Korzystając z tego ułożonego obrazu, naukowcy policzyli wszystkie galaktyki, które mogli zobaczyć, sumując swój całkowity udział światła. Umożliwiło to badaczom zmierzenie, ile normalnej materii stanowiły włókna między LRG. Następnie naukowcy przyjrzeli się galaktykom za włóknami, a konkretnie ich kształtom.
Gdy światło z galaktyk tła przenikało wtrącone włókna, grawitacja ciemnej materii w tych włóknach delikatnie trąciła światło, nieznacznie zmieniając obrazy tych galaktyk. Mierząc wielkość przesunięcia (zwanego przez naukowców „ścinaniem”), zespół był w stanie oszacować ilość ciemnej materii we włóknach.

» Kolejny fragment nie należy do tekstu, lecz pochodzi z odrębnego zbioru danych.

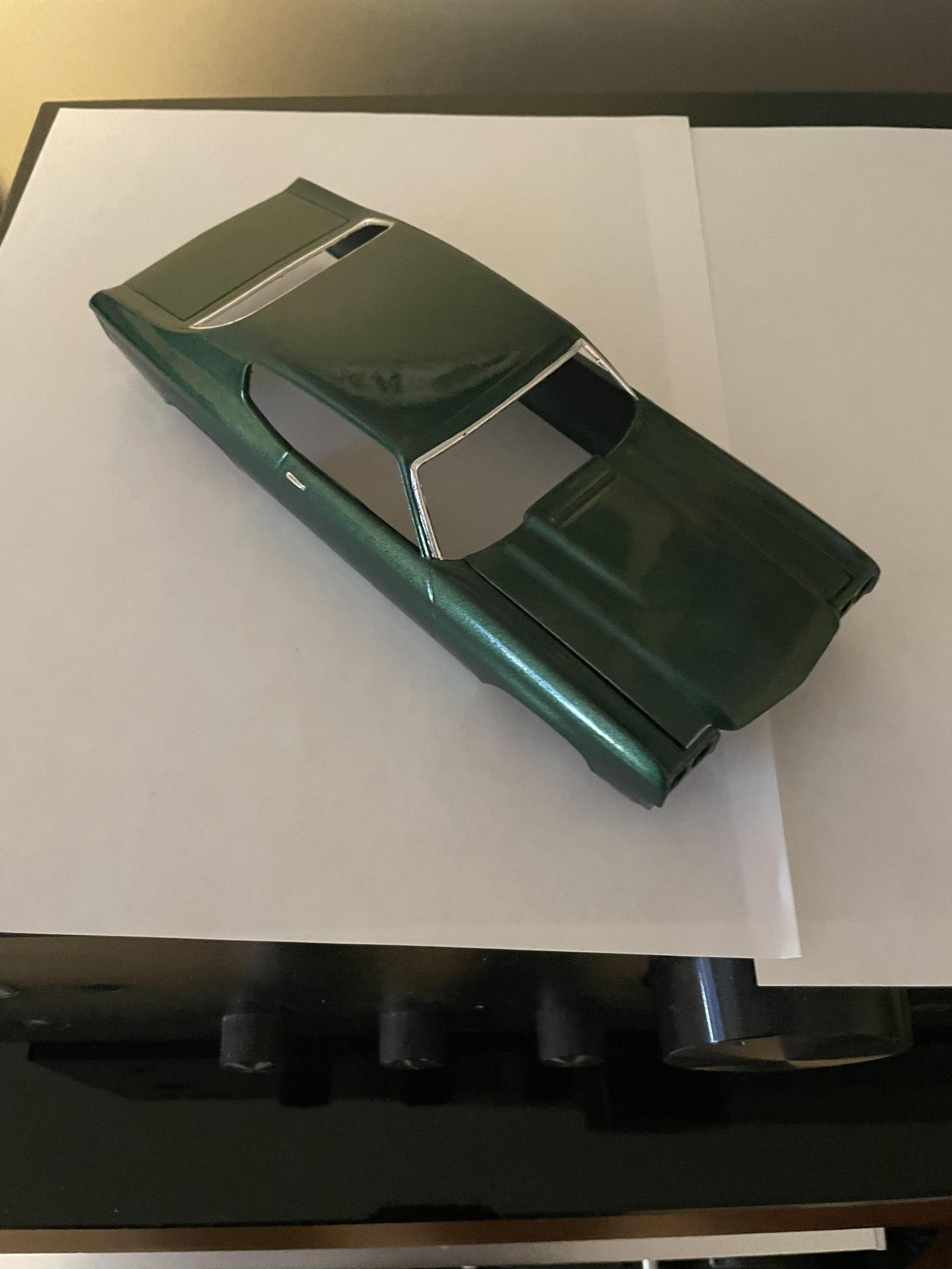 21. I used just a polish on the paint and think it looks okay. Got the foil on the window trim and door handles and set the body on top of the chassis… didn’t want to place it all the way down yet but it gives an idea of the finished look. I’ve been kicking around trying to use the white stripe decals that came with the kit, I really like that look but I don’t know if I want to risk messing up the paint. Thoughts? Dave.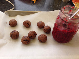 I hate my food processor. I bought it in college when I had no money, the lid is broken, it doesn't work well and it is just one of the pieces of kitchen equipment I need to replace. I avoid using it, but today I was up early making Alex's birthday "cake" and had to break it out. Alex is my sister's boyfriend. I was skeptical of him at first because she my other half and I am protective. We had a rocky start where he was acting his age and I was not acting mine, but it's a year later now and it turns out he's an ok guy. Mara can't bake so I made him the PaleOMG Raw Chocolate Chip Cheesecake Bars he wanted. The entire recipe is done with the food processor so since I had the stupid thing out I decided to make something else with it. Alex also liked these "bites" I made for a competition that were oatmeal, chia seeds, nut butter, etc. Yes, please call them "bites" not "balls"... at a box where words like "snatch" get thrown around the connotation can be easily changed- it would be in your best interest. :) Anyway! Since the the original "bites" weren't paleo I decided to mess around with ingredients and make a version of them. After some not so-good attempts I finally figured it out and these things are delicious- I would probably double the recipe!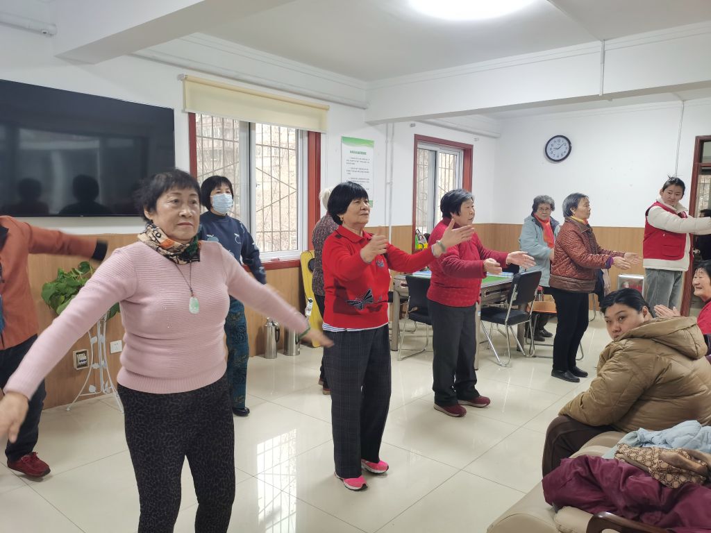活动现场,社工向老年人讲解了穴位拍打操的强身健体作用和基本动作,老人们学的认真仔细,和社工一起伴随着轻快的音乐,积极参与拍手操的动作练习,大家互相交流动作要领和运动效果,现场一片欢声笑语。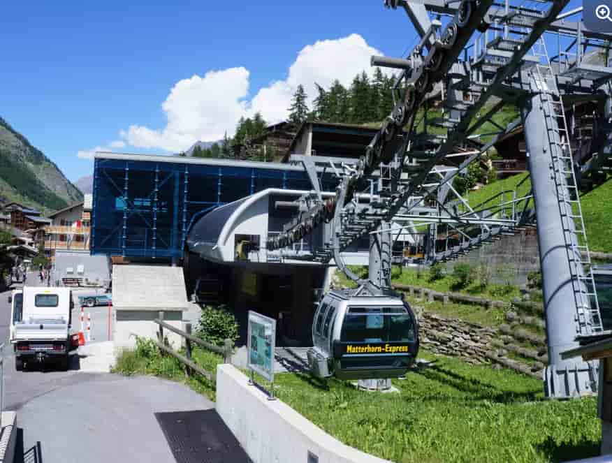 Since Zermatt is a car-free village, visitors must park their vehicles in Täsch and take the shuttle train operated by the Matterhorn Gotthard Bahn. Use the Matterhorn Terminal Täsch, which offers 2,100 covered parking spaces and amenities like restrooms, lockers, a bistro, and a grocery shop. Shuttle trains depart every 20 minutes from 05:55 to 21:55, with hourly services until 00:30/01:00. On weekends, trains run all night. The train ride from Täsch to Zermatt takes approximately 12 minutes. Upon arriving at Zermatt railway station, proceed to the Matterhorn Express valley station to board the gondola. The valley station is located on Schluhmattstrasse, about a 20-minute walk from the Zermatt train station. Electric taxis and e-buses are available in Zermatt for quicker transit. The newly renovated valley station offers barrier-free access, ticket counters, ski lockers, restrooms, and real-time lift status displays .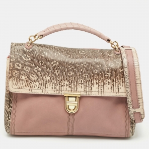 Nina Ricci Mauve Leather and Lizard Flap Top Handle Bag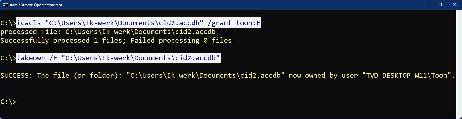In uitzonderlijke gevallen kan het gebeuren dat je de bestandsmachtigingen vanuit de grafische Verkenner-omgeving niet goed krijgt. In dat geval lukt het wellicht alsnog vanuit de Opdrachtprompt, die je als administrator dient uit te voeren.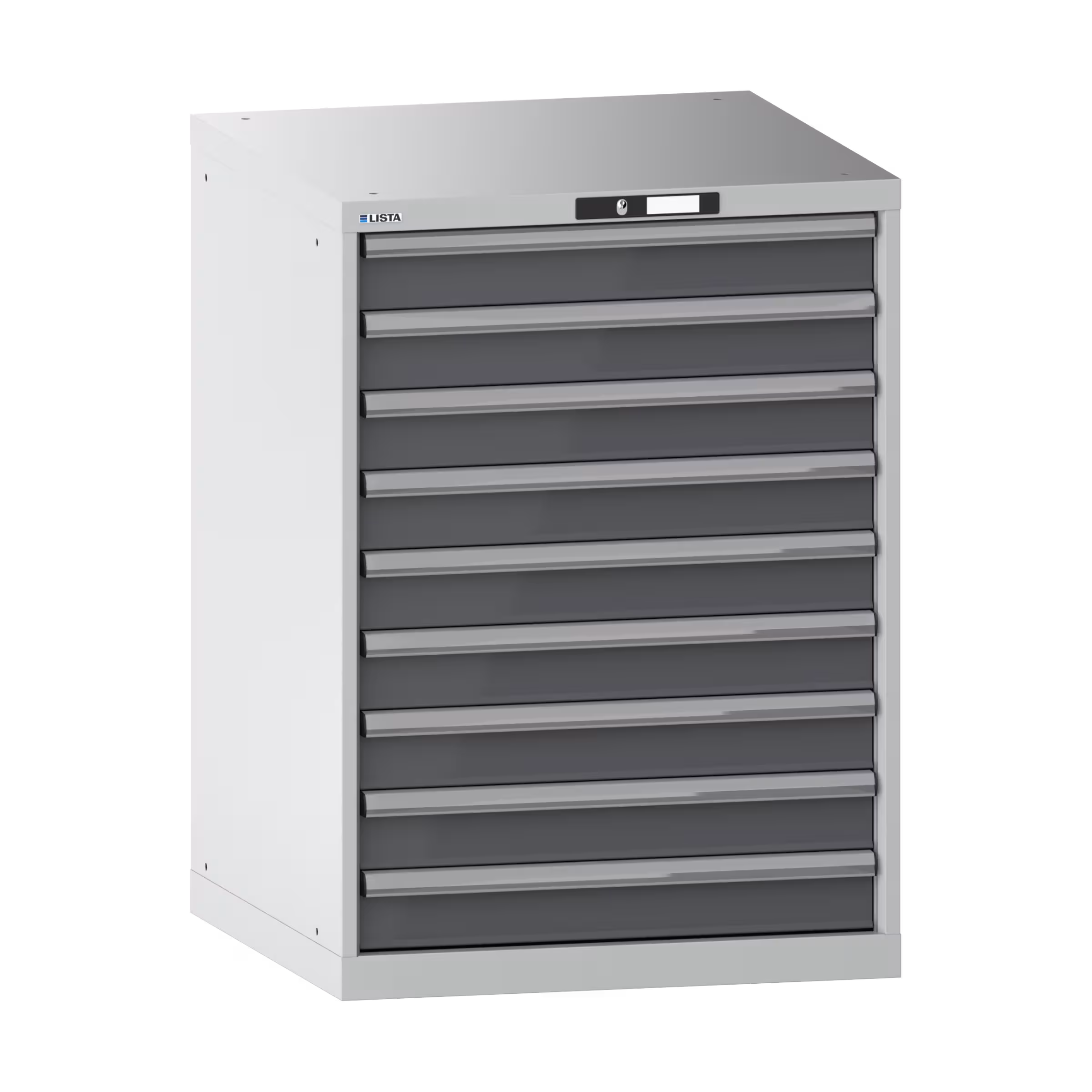 Drawer cabinet 36x36E (WxDxH) 717x725x1000mm 9 drawers (9x100) 75kg KEY Lock Light grey RAL 7035 / Grey metallic NCS S 6502-B

Miara ta była zgodna z przewidywaniami teoretycznymi (kolejny punkt dotyczący istnienia ciemnej materii). Naukowcy potwierdzili również, że włókna nie były całkowicie ciemne. Na każde 351 słońc masy w żarnikach występował strumień świetlny o wartości 1 słońca.
Jest to prymitywna mapa filamentów, ale jest pierwsza i zdecydowanie pokazuje, że chociaż nasza kosmiczna sieć jest w większości ciemna, nie jest całkowicie czarna.
Paul M. Sutter jest astrofizykiem w SUNY Stony Brook i Flatiron Institute, prowadzącym Ask a Spaceman i Space Radio, a także autorem Your Place in the Universe.